- **REQUIREMENT**
Skip pictures in the listing below; copy exactly the lines from the one with "内地经济学家宋清辉分析,美股" through the one with "A seedling of", inclusive.

----

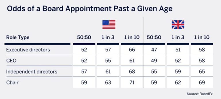 In the U.S., board chair candidates over the age of 71 have a 1 in 10 chance of being appointed, whereas candidates over the age of 59 have a 50:50 chance of being appointed. In the UK, the chances of being appointed to a chair position drop to 1 in 10 at the age of 69.
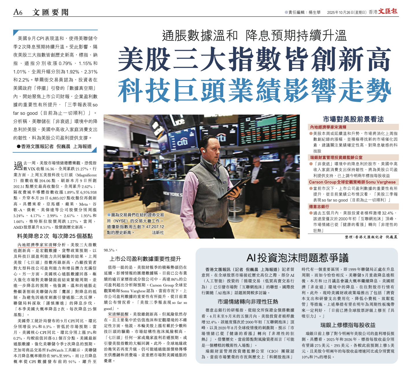 内地经济学家宋清辉分析,美股三大指数迭创新高,是宏观数据、货币政策预期,以及科技巨头盈利能力共同驱动的结果。上周美股“七巨头”指数再录新高,凸显投资者对大型科技公司盈利能力和增长潜力充满信心。另一方面,美国核心通胀数据回落,极大强化市场对美联储提前结束紧缩周期,并进一步降息的预期。他强调,温和的通胀走势显著削弱美联储内部“鹰派”对降息的抵制,为避免因过度刺激引发通胀二次反弹,联储局料采取“谨慎渐进”的降息步伐,“本季美国大概率降息2次,每次降息25个基点”。
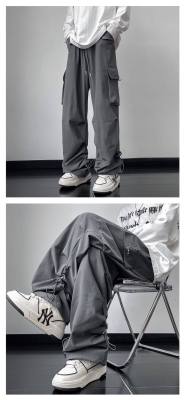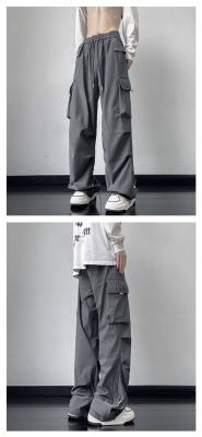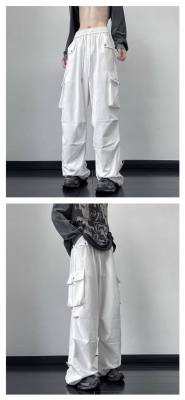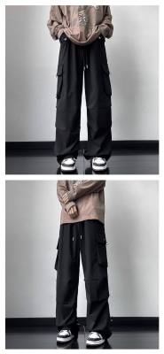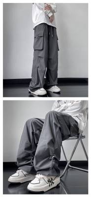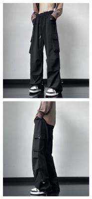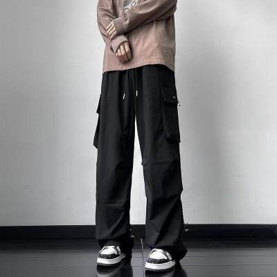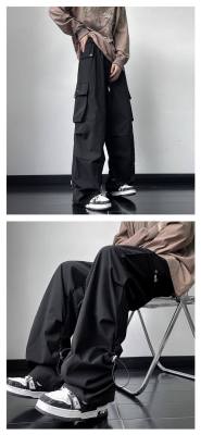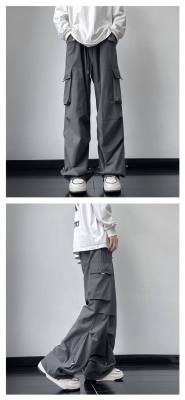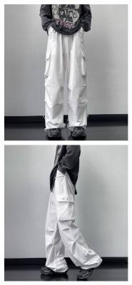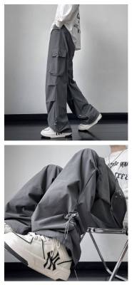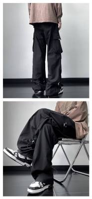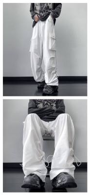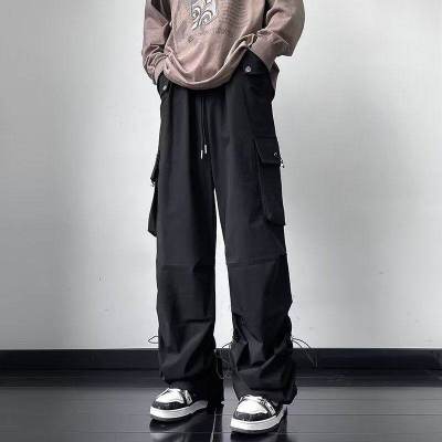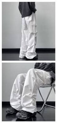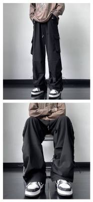 Wide brand dress pants male retro -high street loose casual pants functional wind pumping rope foot trousers
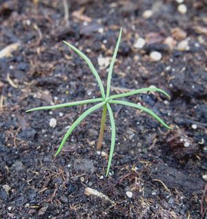 A seedling of Pinus halepensis with eight cotyledons
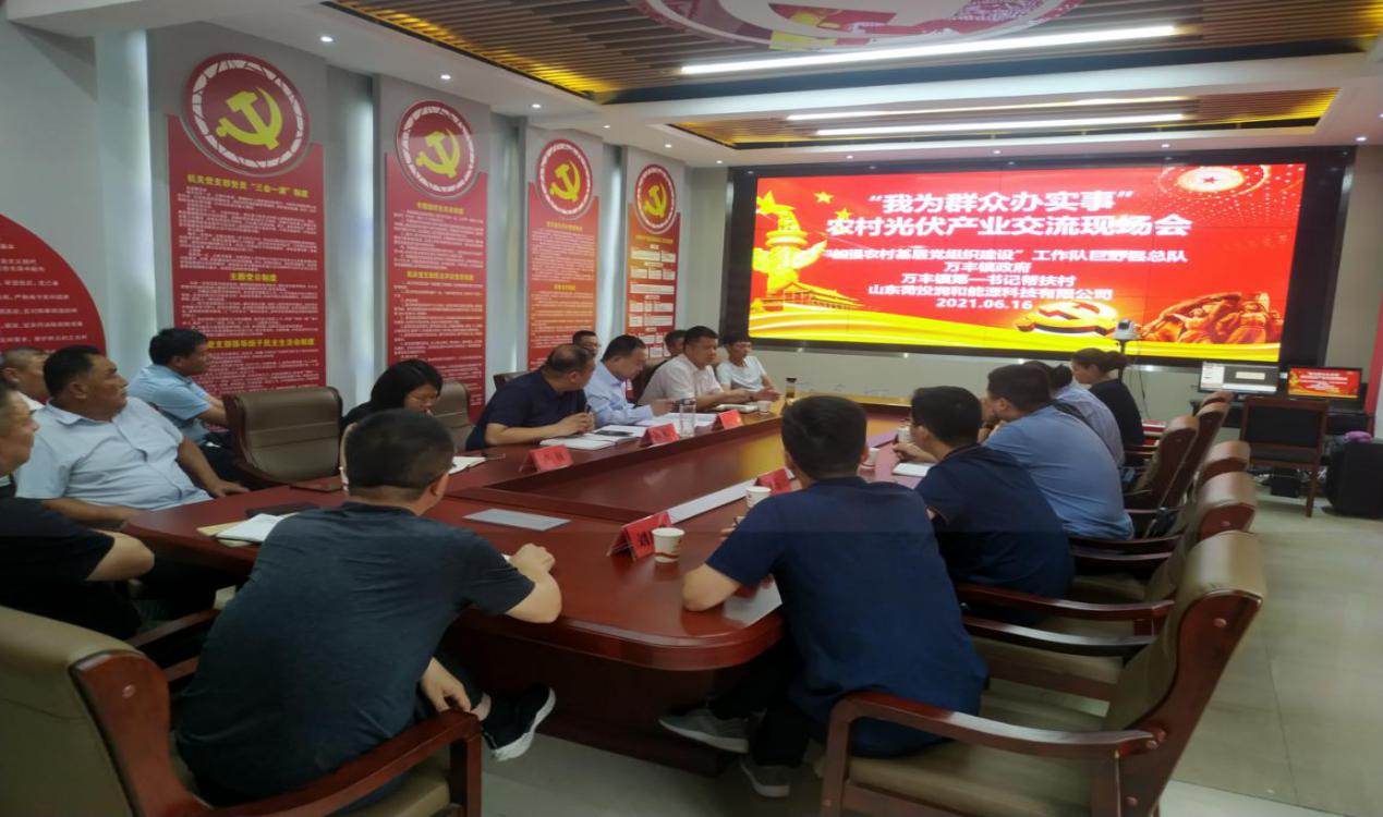 6月16日,山東菏投潤(rùn)和能源科技有限公司副總經(jīng)理崔巍、張培永前往巨野縣萬豐鎮(zhèn)鎮(zhèn)政府與“加強(qiáng)農(nóng)業(yè)基層黨組織建設(shè)工作隊(duì)”巨野縣總隊(duì)副總隊(duì)長(zhǎng)閆建群、唐亮,萬豐鎮(zhèn)政府相關(guān)負(fù)責(zé)人,各村鎮(zhèn)省派市派第一書記、幫扶村負(fù)責(zé)人等展開座談會(huì),圍繞“我為群眾辦實(shí)事”農(nóng)村光伏產(chǎn)業(yè)展開深入交流,并實(shí)地查看巨野縣新農(nóng)村建設(shè)情況。
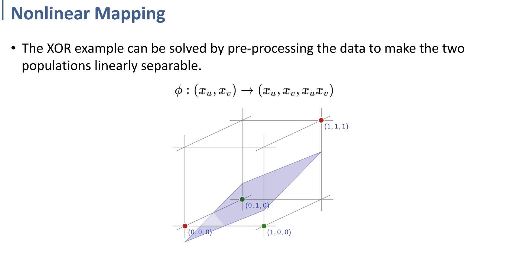 이전에 다룬 것과 같이, XOR Problem과 같은 non-linear separable problem은 Kernel을 이용한 Mapping을 통해 data를 전처리하여 해결할 수 있다.

----

- **SOLUTION TO THE EXERCISE**
 内地经济学家宋清辉分析,美股三大指数迭创新高,是宏观数据、货币政策预期,以及科技巨头盈利能力共同驱动的结果。上周美股“七巨头”指数再录新高,凸显投资者对大型科技公司盈利能力和增长潜力充满信心。另一方面,美国核心通胀数据回落,极大强化市场对美联储提前结束紧缩周期,并进一步降息的预期。他强调,温和的通胀走势显著削弱美联储内部“鹰派”对降息的抵制,为避免因过度刺激引发通胀二次反弹,联储局料采取“谨慎渐进”的降息步伐,“本季美国大概率降息2次,每次降息25个基点”。
 Wide brand dress pants male retro -high street loose casual pants functional wind pumping rope foot trousers
 A seedling of Pinus halepensis with eight cotyledons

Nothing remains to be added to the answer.